You can use an existing nonunique index on a table to enforce uniqueness, either for UNIQUE constraints or the unique aspect of a PRIMARY KEY constraint. The advantage of this approach is that the index remains available and valid when the constraint is disabled. Therefore, enabling a disabled UNIQUE or PRIMARY KEY constraint does not require rebuilding the unique index associated with the constraint. This can yield significant time savings on enable operations for large tables.

Using a nonunique index to enforce uniqueness also lets you eliminate redundant indexes. You do not need a unique index on a primary key column if that column already is included as the prefix of a composite index. You can use the existing index to enable and enforce the constraint. You also save significant space by not duplicating the index. However, if the existing index is partitioned, then the partitioning key of the index must also be a subset of the UNIQUE key; otherwise, Oracle creates an additional unique index to enforce the constraint.

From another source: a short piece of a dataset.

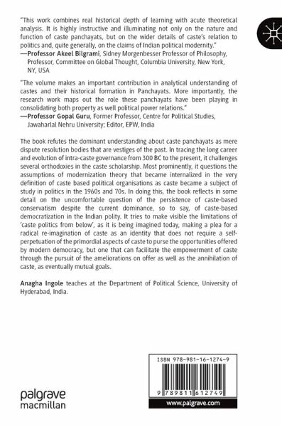 The book refutes the dominant understanding about caste panchayats as mere dispute resolution bodies that are vestiges of the past. In tracing the long career and evolution of intra-caste governance from 300 BC to the present, it challenges several orthodoxies in the caste scholarship.
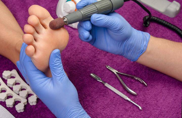 Если за ногтями вы легко сможете следить за длиной ногтей, то убрать кутикулу будет уже гораздо сложнее. Мастер производит педикюр при помощи машинки с разными насадками-борчиками, каждый из которых помогает удалить кутикулу, привести пятки в порядок и сделать пятачок стоп более гладким.

14.1.10 Using Enabled Novalidated Constraints

An enabled novalidated constraint behaves similarly to an enabled validated constraint for new data. Placing a constraint in the enabled novalidated state signifies that any new data entered into the table must conform to the constraint. Existing data is not checked. By placing a constraint in the enabled novalidated state, you enable the constraint without locking the table.

If you change a constraint from disabled to enabled, then the table must be locked. No new DML, queries, or DDL can occur, because there is no mechanism to ensure that operations on the table conform to the constraint during the enable operation. The enabled novalidated state prevents operations violating the constraint from being performed on the table.

An enabled novalidated constraint can be validated with a parallel, consistent-read query of the table to determine whether any data violates the constraint. No locking is performed, and the enable operation does not block readers or writers to the table. In addition, enabled novalidated constraints can be validated in parallel: Multiple constraints can be validated at the same time and each constraint's validity check can be determined using parallel query.

Use the following approach to create tables with constraints and indexes:

Create the tables with the constraints. NOT NULL constraints can be unnamed and should be created enabled and validated. All other constraints (CHECK, UNIQUE, PRIMARY KEY, and FOREIGN KEY) should be named and created disabled.

Note:
By default, constraints are created in the ENABLED state.
Load old data into the tables.
Create all indexes, including indexes needed for constraints.
Enable novalidate all constraints. Do this to primary keys before foreign keys.
Allow users to query and modify data.

With a separate ALTER TABLE statement for each constraint, validate all constraints. Do this to primary keys before foreign keys. For example,

CREATE TABLE t (a NUMBER CONSTRAINT apk PRIMARY KEY DISABLE,
b NUMBER NOT NULL);
CREATE TABLE x (c NUMBER CONSTRAINT afk REFERENCES t DISABLE);

Now load data into table t.

CREATE UNIQUE INDEX tai ON t (a); 
CREATE INDEX tci ON x (c); 
ALTER TABLE t MODIFY CONSTRAINT apk ENABLE NOVALIDATE;
ALTER TABLE x MODIFY CONSTRAINT afk ENABLE NOVALIDATE;

At this point, users can start performing INSERT, UPDATE, DELETE, and SELECT operations on table t.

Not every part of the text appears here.